Stored records:
==*==

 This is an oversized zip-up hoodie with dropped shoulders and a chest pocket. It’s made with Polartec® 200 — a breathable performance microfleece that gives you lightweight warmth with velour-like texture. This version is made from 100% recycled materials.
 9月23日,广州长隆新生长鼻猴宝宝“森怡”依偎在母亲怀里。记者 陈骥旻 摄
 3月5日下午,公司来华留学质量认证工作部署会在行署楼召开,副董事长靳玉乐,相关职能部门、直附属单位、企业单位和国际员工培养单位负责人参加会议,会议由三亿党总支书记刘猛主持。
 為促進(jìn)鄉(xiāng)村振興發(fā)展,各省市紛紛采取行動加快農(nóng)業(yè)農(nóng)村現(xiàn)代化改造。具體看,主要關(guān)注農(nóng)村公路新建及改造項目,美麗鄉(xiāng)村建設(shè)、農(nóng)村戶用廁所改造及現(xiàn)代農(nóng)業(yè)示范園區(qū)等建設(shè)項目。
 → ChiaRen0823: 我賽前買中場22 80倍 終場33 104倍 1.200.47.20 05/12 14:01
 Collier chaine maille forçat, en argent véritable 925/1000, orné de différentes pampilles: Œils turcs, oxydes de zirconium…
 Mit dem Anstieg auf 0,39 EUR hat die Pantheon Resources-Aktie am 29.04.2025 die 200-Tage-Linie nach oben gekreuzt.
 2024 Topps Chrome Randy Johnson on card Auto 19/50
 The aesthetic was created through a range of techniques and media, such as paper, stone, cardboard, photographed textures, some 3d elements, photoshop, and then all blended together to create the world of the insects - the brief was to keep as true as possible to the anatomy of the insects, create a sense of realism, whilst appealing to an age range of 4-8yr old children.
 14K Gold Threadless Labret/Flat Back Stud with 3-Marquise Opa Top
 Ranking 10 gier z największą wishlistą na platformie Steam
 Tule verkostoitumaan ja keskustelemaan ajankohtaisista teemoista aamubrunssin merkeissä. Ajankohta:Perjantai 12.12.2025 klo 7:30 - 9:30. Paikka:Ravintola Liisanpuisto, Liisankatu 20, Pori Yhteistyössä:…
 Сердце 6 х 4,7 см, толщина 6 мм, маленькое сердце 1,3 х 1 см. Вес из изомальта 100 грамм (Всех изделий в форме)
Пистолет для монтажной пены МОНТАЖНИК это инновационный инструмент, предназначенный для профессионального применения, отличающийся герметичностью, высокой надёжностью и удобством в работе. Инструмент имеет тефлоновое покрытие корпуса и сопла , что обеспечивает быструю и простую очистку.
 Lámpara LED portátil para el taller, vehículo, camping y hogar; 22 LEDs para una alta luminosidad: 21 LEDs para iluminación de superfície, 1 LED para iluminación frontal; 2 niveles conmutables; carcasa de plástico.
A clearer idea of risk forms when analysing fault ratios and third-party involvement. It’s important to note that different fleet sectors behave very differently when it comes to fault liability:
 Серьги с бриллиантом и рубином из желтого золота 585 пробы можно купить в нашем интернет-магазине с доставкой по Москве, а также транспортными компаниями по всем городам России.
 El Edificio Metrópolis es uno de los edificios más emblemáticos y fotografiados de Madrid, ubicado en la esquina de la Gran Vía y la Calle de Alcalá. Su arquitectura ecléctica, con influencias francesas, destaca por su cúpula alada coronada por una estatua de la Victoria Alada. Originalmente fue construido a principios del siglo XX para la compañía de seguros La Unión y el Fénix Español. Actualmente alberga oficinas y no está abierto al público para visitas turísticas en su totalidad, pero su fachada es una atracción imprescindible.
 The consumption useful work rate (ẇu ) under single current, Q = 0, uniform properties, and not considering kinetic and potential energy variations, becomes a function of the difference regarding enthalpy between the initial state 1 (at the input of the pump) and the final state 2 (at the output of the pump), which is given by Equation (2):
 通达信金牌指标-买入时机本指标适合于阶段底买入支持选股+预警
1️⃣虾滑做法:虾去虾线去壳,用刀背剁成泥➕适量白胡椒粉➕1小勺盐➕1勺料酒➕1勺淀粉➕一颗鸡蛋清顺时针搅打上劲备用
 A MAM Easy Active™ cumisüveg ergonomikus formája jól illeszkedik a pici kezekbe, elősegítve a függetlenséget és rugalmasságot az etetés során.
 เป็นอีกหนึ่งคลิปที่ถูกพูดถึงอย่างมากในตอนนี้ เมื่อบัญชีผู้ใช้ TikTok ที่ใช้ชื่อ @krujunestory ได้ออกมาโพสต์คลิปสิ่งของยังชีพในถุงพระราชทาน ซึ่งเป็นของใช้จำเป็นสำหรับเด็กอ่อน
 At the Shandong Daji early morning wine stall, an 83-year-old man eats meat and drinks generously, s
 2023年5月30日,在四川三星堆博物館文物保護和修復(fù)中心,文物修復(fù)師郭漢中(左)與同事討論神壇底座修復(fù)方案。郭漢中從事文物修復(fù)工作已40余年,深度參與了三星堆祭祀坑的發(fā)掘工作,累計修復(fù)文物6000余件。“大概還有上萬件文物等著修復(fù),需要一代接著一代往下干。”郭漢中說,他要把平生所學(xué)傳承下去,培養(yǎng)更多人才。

==*==

Exercise goal:
The expected output is every record, repeated exactly.

Result:
 This is an oversized zip-up hoodie with dropped shoulders and a chest pocket. It’s made with Polartec® 200 — a breathable performance microfleece that gives you lightweight warmth with velour-like texture. This version is made from 100% recycled materials.
 9月23日,广州长隆新生长鼻猴宝宝“森怡”依偎在母亲怀里。记者 陈骥旻 摄
 3月5日下午,公司来华留学质量认证工作部署会在行署楼召开,副董事长靳玉乐,相关职能部门、直附属单位、企业单位和国际员工培养单位负责人参加会议,会议由三亿党总支书记刘猛主持。
 為促進(jìn)鄉(xiāng)村振興發(fā)展,各省市紛紛采取行動加快農(nóng)業(yè)農(nóng)村現(xiàn)代化改造。具體看,主要關(guān)注農(nóng)村公路新建及改造項目,美麗鄉(xiāng)村建設(shè)、農(nóng)村戶用廁所改造及現(xiàn)代農(nóng)業(yè)示范園區(qū)等建設(shè)項目。
 → ChiaRen0823: 我賽前買中場22 80倍 終場33 104倍 1.200.47.20 05/12 14:01
 Collier chaine maille forçat, en argent véritable 925/1000, orné de différentes pampilles: Œils turcs, oxydes de zirconium…
 Mit dem Anstieg auf 0,39 EUR hat die Pantheon Resources-Aktie am 29.04.2025 die 200-Tage-Linie nach oben gekreuzt.
 2024 Topps Chrome Randy Johnson on card Auto 19/50
 The aesthetic was created through a range of techniques and media, such as paper, stone, cardboard, photographed textures, some 3d elements, photoshop, and then all blended together to create the world of the insects - the brief was to keep as true as possible to the anatomy of the insects, create a sense of realism, whilst appealing to an age range of 4-8yr old children.
 14K Gold Threadless Labret/Flat Back Stud with 3-Marquise Opa Top
 Ranking 10 gier z największą wishlistą na platformie Steam
 Tule verkostoitumaan ja keskustelemaan ajankohtaisista teemoista aamubrunssin merkeissä. Ajankohta:Perjantai 12.12.2025 klo 7:30 - 9:30. Paikka:Ravintola Liisanpuisto, Liisankatu 20, Pori Yhteistyössä:…
 Сердце 6 х 4,7 см, толщина 6 мм, маленькое сердце 1,3 х 1 см. Вес из изомальта 100 грамм (Всех изделий в форме)
Пистолет для монтажной пены МОНТАЖНИК это инновационный инструмент, предназначенный для профессионального применения, отличающийся герметичностью, высокой надёжностью и удобством в работе. Инструмент имеет тефлоновое покрытие корпуса и сопла , что обеспечивает быструю и простую очистку.
 Lámpara LED portátil para el taller, vehículo, camping y hogar; 22 LEDs para una alta luminosidad: 21 LEDs para iluminación de superfície, 1 LED para iluminación frontal; 2 niveles conmutables; carcasa de plástico.
A clearer idea of risk forms when analysing fault ratios and third-party involvement. It’s important to note that different fleet sectors behave very differently when it comes to fault liability:
 Серьги с бриллиантом и рубином из желтого золота 585 пробы можно купить в нашем интернет-магазине с доставкой по Москве, а также транспортными компаниями по всем городам России.
 El Edificio Metrópolis es uno de los edificios más emblemáticos y fotografiados de Madrid, ubicado en la esquina de la Gran Vía y la Calle de Alcalá. Su arquitectura ecléctica, con influencias francesas, destaca por su cúpula alada coronada por una estatua de la Victoria Alada. Originalmente fue construido a principios del siglo XX para la compañía de seguros La Unión y el Fénix Español. Actualmente alberga oficinas y no está abierto al público para visitas turísticas en su totalidad, pero su fachada es una atracción imprescindible.
 The consumption useful work rate (ẇu ) under single current, Q = 0, uniform properties, and not considering kinetic and potential energy variations, becomes a function of the difference regarding enthalpy between the initial state 1 (at the input of the pump) and the final state 2 (at the output of the pump), which is given by Equation (2):
 通达信金牌指标-买入时机本指标适合于阶段底买入支持选股+预警
1️⃣虾滑做法:虾去虾线去壳,用刀背剁成泥➕适量白胡椒粉➕1小勺盐➕1勺料酒➕1勺淀粉➕一颗鸡蛋清顺时针搅打上劲备用
 A MAM Easy Active™ cumisüveg ergonomikus formája jól illeszkedik a pici kezekbe, elősegítve a függetlenséget és rugalmasságot az etetés során.
 เป็นอีกหนึ่งคลิปที่ถูกพูดถึงอย่างมากในตอนนี้ เมื่อบัญชีผู้ใช้ TikTok ที่ใช้ชื่อ @krujunestory ได้ออกมาโพสต์คลิปสิ่งของยังชีพในถุงพระราชทาน ซึ่งเป็นของใช้จำเป็นสำหรับเด็กอ่อน
 At the Shandong Daji early morning wine stall, an 83-year-old man eats meat and drinks generously, s
 2023年5月30日,在四川三星堆博物館文物保護和修復(fù)中心,文物修復(fù)師郭漢中(左)與同事討論神壇底座修復(fù)方案。郭漢中從事文物修復(fù)工作已40余年,深度參與了三星堆祭祀坑的發(fā)掘工作,累計修復(fù)文物6000余件。“大概還有上萬件文物等著修復(fù),需要一代接著一代往下干。”郭漢中說,他要把平生所學(xué)傳承下去,培養(yǎng)更多人才。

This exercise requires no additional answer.